Indeed, with Mitt Romney falling behind in the polls, there’s been a fair amount of speculation this week about the effects of a Romney loss on the Republican Party. The Hotline’s Reid Wilson concluded, for example, that "the fallout from a Romney loss has the potential to reverberate through the Republican Party for a decade" by pushing the GOP further and further away from moderate, voter-friendly positions.
It's possible, but Wilson doesn't mention the most obvious counterexample: George W. Bush. Should Barack Obama win, 2012 won't look all that different than 1996, after all. A Democrat is elected president in the wake of a recession. Republicans storm back with a midterm landslide. The subsequent Republican Congress turns out to be terribly unpopular. The GOP nominates for president a "next in line" candidate whom movement conservatives neither love nor respect but who appears to be more electable than those they do get excited about. And then they lose anyway.
The result in 2000 wasn't that they turned to a "real" conservative; instead, they went with Bush, who basically ran as a moderate — or at least a moderate who supported really, really big tax cuts. That's the side of the equation that conservative writer Dan Larison emphasizes, and I think he has a good argument.

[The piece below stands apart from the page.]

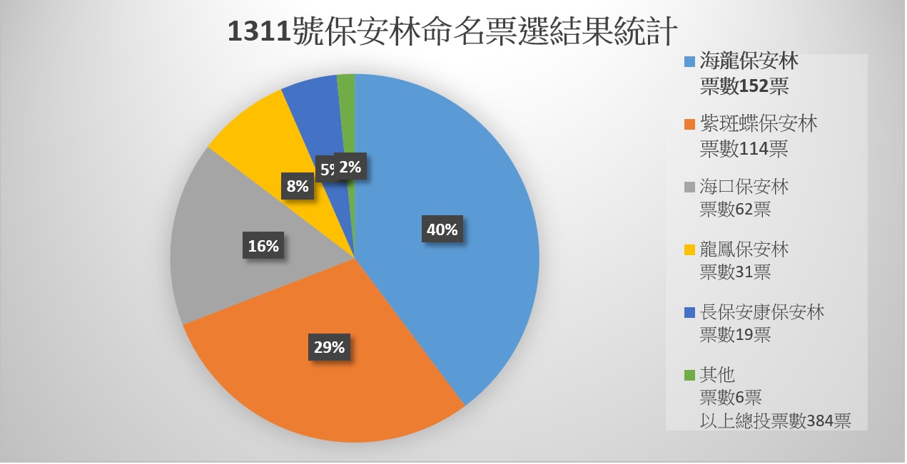林務局新竹林管處所轄,位於竹南鎮海岸線從龍鳳漁港南側起至中港溪北邊的海口里,有一道長近4公里、面積約107公頃的海岸森林,早於民國前3年即已編入為1311號飛砂防止保安林,新竹林管處為拉近民眾與保安林的距離,宣導保安林對國土保安功能的重要性,以民眾票選的方式重新命名,由「海龍保安林」出線獲得最高票。 本次命名活動收集了各年齡層的在地居民、外地遊憩民眾對於編號1311保安林新名字看法,採多元的票選方式進行,針對該號保安林的環境地理、與在地人文關係的串連,新竹林管處與海口社區發展協會人員集思廣益,發想出五個具意義又具代表性的候選名字,分別在海口社區發展協會辦理環境教育活動、海口里在地居民參與社區關懷集會及新竹處在該號保安林內辦理小花蔓澤蘭除蔓活動時,一併請參與民眾票選。另為吸引年輕網路族群參與,同步於海口社區發展協會粉絲專頁進行線上票選活動,一共吸引了384位民眾參加,票選結果,以保安林位於「海」口里及「龍」鳳漁港之間,取其組合名字「海龍保安林」獲得152票最高票,其次為「紫斑蝶保安林」114票,新竹林管處也依票選結果,將編號1311號保安林命名為「海龍保安林」。海口社區發展協會陳總幹事表示,在地居民透過環境教育及參與命名的過程,更加理解保安林對環境公益,對在地居民生活的意義及價值,能選出貼近在地的保安林名稱,大家都非常開心,也將持續協力海龍保安林的環境清潔與海岸淨灘工作。 新竹林管處表示,飛砂防止保安林多位於沿海或河口兩岸風砂強大地區,擔負阻絕或過濾強風所帶來的飛砂,避免農田、房舍等設施遭到砂礫掩埋,海龍保安林自民國前3年編入起到現在已有超過一百年的時間,像一條綠色巨龍,提供海岸保護、飛砂抑止功能,默默保護竹南鎮中港、營盤邊、海口地區農田、房舍、道路外,蒼鬱完整之防風林帶,有遠近馳名的「親子之森」、「假日之森」、「長青之森」等戶外踏青景點,林間並有「三森步道」連接,每逢假日吸引民眾前來散步、騎腳踏車,提供優質的戶外遊憩場域。 本區海岸林帶也是生物生育棲息的基地,每年4至5月有大量紫斑蝶從高雄市茂林山區出發飛往北部繁殖,海龍保安林是國內目前已知斯氏紫斑蝶最大繁殖地,新竹林管處與民間團體合作,在保安林內種下近千棵蜜源植物,營造紫斑蝶友善棲地環境,也希望透過保安林命名活動,凝聚民眾認知保安林的公益功能與生態價值。

On the other hand, I might want to distinguish here between the short term and the long term. In the short term, there's both logic in the idea that parties tend to grow more moderate the longer they are out of power and empirical evidence that it actually happens. Note that the biggest ideological outliers nominated in the last 60 years – Barry Goldwater, George McGovern and Ronald Reagan – were all selected by parties only four years removed from the White House. Parties in longer exiles, by contrast, have nominated relatively moderate figures such as Dwight Eisenhower, the 1968 version of Richard Nixon, Jimmy Carter, Bill Clinton, and the 2000 version of George W. Bush.
But does that seem likely of these Republicans? Many of us argue that there’s something really wrong with the current GOP. It’s not that it’s conservative; it’s that, well, to be blunt, it’s nuts. Or, to put it more gently, it’s that there are strong incentives for being dysfunctional, such as the profit motive for those who stand to make a lot of money from the party being out of office (when talk show ratings go up and wacky conspiracy theory books about Democratic presidents sell like hotcakes).
The result is a party more hospitable to, say, Sarah Palin than to Richard Lugar. And a party which takes presidential candidates such as Michele Bachmann, Newt Gingrich and Herman Cain at least somewhat seriously. That is, it's a party which frequently ignores reality and rejects the normal compromises of the U.S. political system. And every candidate the GOP nominates either shares in the crazy or is hostage to it – which is what we’ve seen from Mitt Romney throughout the campaign.
If all of that is true, then the question becomes how to fix it. It could happen, presumably, if party actors decide to reject it — or, at least, if enough do that they can win an internal struggle over it. But in my view, that scenario, while possible, is extremely unlikely.
Far more likely, I'd say, is a successful GOP president who considers it part of his or her job to bring the party back to reality by marginalizing the crazy – the obvious precedent would be Eisenhower (slowly, but eventually) helping to take down Joe McCarthy.
At which point, you might be saying: Catch-22. If the best bet is a president who will fight the crazy, but a president cannot be nominated without it, then how do you get from here to there? And, alas, I don’t really have an answer to that. Perhaps you get lucky and a president is elected within that system who manages to get popular enough in office to fight back against it. Perhaps two or three terms out of the White House gets GOP politicians desperate enough to seek out someone not beholden to those portions of the party and to fight hard to secure him or her the nomination. Perhaps another Ike comes along, although you could wait an awful long time for that.
Until that happens -- until something happens to remove or at least moderate the real problems within the GOP -- it's pretty likely, it seems to me, that whatever they do in the presidential nomination process, the winner is going to be essentially held hostage to the crazy. And not only is that going to be a disadvantage in the general election, but if he or she does manage to win – and the electoral effects of extremism are not large enough to prevent that in many cases – it’s going to be difficult for such a candidate to govern successfully. And there’s no obvious way to get out of it.